A Fairfax County circuit judge awarded $9.4 million to an aircraft manufacturer burned in a merger deal.

Airbus Americas Inc. purchased Metron Holdings in 2011 for about $75 million. In the merger agreement, Metron made representations and warranties to Airbus about Metron’s financial condition. The shareholders agreed to indemnify Airbus for any breaches of those representations and warranties.

In 2012, Airbus became concerned that Metron was not performing as expected after the merger, and that the company was losing money. Airbus claimed it found undisclosed liabilities related to a Metron software agreement.

After hearing evidence in an 11-day trial, then-Fairfax Circuit Judge Jane Marum Roush awarded Airbus $9,414,700 in indemnification.

In her last court hearing as a Fairfax County judge, Roush, now a Virginia Supreme Court justice, allowed $3.86 million in fees and expenses to the legal team representing Airbus.

Local counsel for Airbus was Blankingship & Keith of Fairfax.

Calif. appeals court reinstates $6.5 million verdict

In 2006, the plaintiff, a 79-year-old San Diego man with borderline type II diabetes, was prescribed the oral antidiabetic drug Actos, manufactured and sold by Takeda Pharmaceutical Company. Unknown to physicians and the public at the time, long-term ingestion of Actos causes bladder cancer.

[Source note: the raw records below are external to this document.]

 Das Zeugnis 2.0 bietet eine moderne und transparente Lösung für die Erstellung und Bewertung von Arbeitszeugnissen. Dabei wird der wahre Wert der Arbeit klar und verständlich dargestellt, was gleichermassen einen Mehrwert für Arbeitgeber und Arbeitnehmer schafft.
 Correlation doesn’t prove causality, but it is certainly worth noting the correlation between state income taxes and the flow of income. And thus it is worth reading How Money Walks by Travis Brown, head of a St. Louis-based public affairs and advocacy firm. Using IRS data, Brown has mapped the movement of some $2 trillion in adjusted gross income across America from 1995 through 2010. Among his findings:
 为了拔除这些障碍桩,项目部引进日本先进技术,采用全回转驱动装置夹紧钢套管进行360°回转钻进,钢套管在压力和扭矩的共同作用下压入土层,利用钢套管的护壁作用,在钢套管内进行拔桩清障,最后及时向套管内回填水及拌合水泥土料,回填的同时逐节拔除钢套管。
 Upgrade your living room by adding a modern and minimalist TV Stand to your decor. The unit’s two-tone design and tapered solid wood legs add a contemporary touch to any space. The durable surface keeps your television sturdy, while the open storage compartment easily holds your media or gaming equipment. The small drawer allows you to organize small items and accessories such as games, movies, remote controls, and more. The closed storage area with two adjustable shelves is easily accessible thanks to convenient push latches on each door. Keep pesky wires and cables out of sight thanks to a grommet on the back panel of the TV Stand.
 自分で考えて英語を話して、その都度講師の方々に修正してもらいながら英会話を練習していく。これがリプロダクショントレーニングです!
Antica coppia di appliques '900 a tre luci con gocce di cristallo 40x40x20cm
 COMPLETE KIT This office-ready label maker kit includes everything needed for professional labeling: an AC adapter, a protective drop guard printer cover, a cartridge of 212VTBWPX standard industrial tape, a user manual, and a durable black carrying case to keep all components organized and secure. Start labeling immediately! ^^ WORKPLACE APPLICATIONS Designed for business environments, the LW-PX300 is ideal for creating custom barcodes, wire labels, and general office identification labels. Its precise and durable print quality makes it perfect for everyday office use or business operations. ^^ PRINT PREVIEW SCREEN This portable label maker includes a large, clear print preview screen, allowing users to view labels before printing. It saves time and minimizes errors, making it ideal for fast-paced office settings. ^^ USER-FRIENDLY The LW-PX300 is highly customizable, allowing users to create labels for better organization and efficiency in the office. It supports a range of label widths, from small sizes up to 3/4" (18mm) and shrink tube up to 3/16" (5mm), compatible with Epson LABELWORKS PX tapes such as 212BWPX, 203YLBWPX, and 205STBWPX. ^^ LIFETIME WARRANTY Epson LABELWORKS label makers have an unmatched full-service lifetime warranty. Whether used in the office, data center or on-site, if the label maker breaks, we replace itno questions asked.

Takeda’s own clinical studies showed up to a 600 percent increase in bladder cancer risk from taking the drug. However, the defendant allegedly altered the results to destroy statistical significance of the cancer risk, and was successful in fighting the inclusion of a bladder cancer warning on the drug label until 2011.Once the warning was added, the plaintiff’s physician discontinued the prescription. Unfortunately, it was too late for the plaintiff, who was diagnosed with bladder cancer.

Plaintiff’s Virginia-based attorneys were Michael Miller, Timothy Litzenburg and Jeffrey Travers of Orange. Plaintiff’s counsel opted to take advantage of a California statute mandating trial for litigants with less than six months to live.

The trial was held in Los Angeles Superior Court and lasted approximately nine weeks. The jury returned a verdict of $6.5 million, including $1.5 million in loss of consortium damages for plaintiff’s wife. The trial court overturned the jury’s decision, but two years later, the California Court of Appeals reversed the trial court’s decision and reinstated the $6.5 million verdict.